Automated Content Publishing Pipeline with Local LLMs

Session notes are a graveyard of ideas that never make it out. After a long technical session — debugging a GPU inference stack, tuning a TFT model, wiring together a new pipeline — the notes exist as a loose collection of observations, terminal output, and half-formed thoughts. Getting those into a publishable blog post means context-switching from technical work to writing work, and that context switch happens at exactly the moment when you're most tired and least motivated.

The fix was automation: a pipeline that watches an inbox directory, picks up raw session notes, runs them through two local LLMs, and publishes the result to a blog GitHub repo if the content clears a publishability threshold. No cloud APIs. No manually pasting into a CMS. You drop a file, the pipeline handles the rest.

The Architecture

The pipeline runs as a Docker container with a FastAPI service at its core. An fswatch watcher monitors an inbox directory on the host and fires an HTTP call to the service when new files arrive.

Inside the pipeline, two local models do the work:

Qwen 32B handles structure extraction.

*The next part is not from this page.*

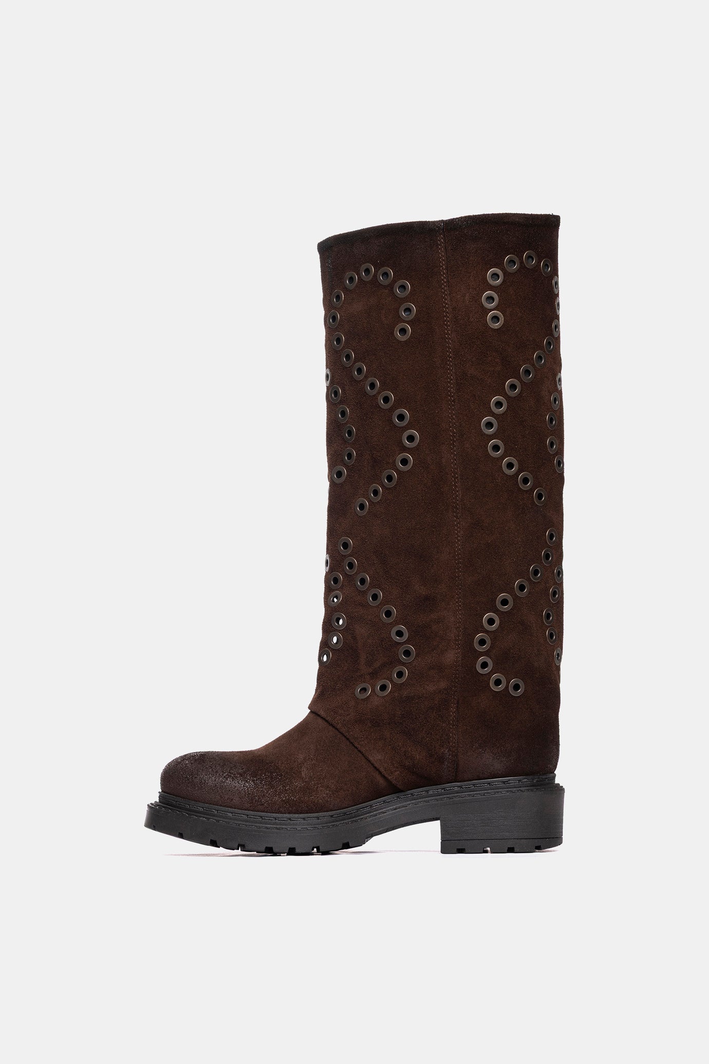 Stivali in camoscio testa di moro con applicazioni ad occhielli.

Given raw session notes, it pulls out the key narrative — what was learned, what was tried, what the technical insight was — and produces a structured intermediate representation. The 32B parameter count matters here: extracting structure from loosely organized notes requires enough context understanding to infer what's important versus what's incidental.

Llama 3 8B handles the formatting pass. It takes the structured output and produces clean markdown with proper headings, code blocks, and prose flow. A smaller model is fine for this step — it's reformatting against a clear structure, not generating insight.

After formatting, the pipeline runs a cleaning step (removes LLM artifacts, normalizes whitespace), a metadata detection step (infers title, tags, and category from content), and then evaluates against publishability criteria before syncing to the Git repo.

# Build and run the service
docker build -t publish-service .
docker run -d \
  --name publish-service \
  --restart unless-stopped \
  -p 8088:8088 \
  -v "$HOME/Documents/blogs:/app/inbox" \
  -v "$(pwd)/drafts:/app/drafts" \
  -v "$(pwd)/published:/app/published" \
  -v "$(pwd)/processed:/app/processed" \
  -v "/Users/mikamirai/projects/auto-publsh-blog:/Users/mikamirai/projects/auto-publsh-blog" \
  publish-service

# Start the filesystem watcher
bash watcher/watch-blogs.sh

# Check service health
curl http://localhost:8088/health

# Manually trigger a specific file
curl -X POST http://localhost:8088/publish-file \
  -H "Content-Type: application/json" \
  -d '{"path": "inbox/day3.md"}'

The Operational Details That Matter

Git credentials have to live where the commits happen. The pipeline syncs to a GitHub repo, and git operations need SSH keys or credential helpers configured in the environment where the process runs. Getting this wrong — mounting the project but not the git config — produces silent failures where the pipeline reports success but nothing gets pushed. Running git operations inside the container with the host's credential environment explicitly mounted solved this.

fswatch fires multiple events per file write. Most editors write files in multiple steps — save to temp, move to final — which triggers two or three filesystem events for what looks like one file drop. Without debouncing, the pipeline processes the same file multiple times. The fix is a simple state file that records which paths have been processed, combined with a short cooldown window between events.

Parsing the pipeline's JSON response matters. The service returns a structured result for every file it processes — whether it published, rejected, or errored, and why. Consuming this in the watcher script (rather than ignoring the exit code) makes the difference between knowing "the pipeline ran" and knowing "the pipeline rejected this file because it scored below the publishability threshold."

What Actually Gets Published

The publishability check is the quality gate. Not everything that comes out of an LLM processing pass is worth putting on a blog — raw notes about dead ends, debugging sessions that didn't resolve anything interesting, or content too short to be useful all get filtered. The threshold is subjective and has been adjusted manually over time based on what actually turns out to be worth reading.

The pipeline has been running for a few months now. The majority of posts on this site that started as session notes went through it. The main cost: occasionally the extraction step misses the actual insight and focuses on procedural steps instead. That's a prompt tuning problem, and it's ongoing.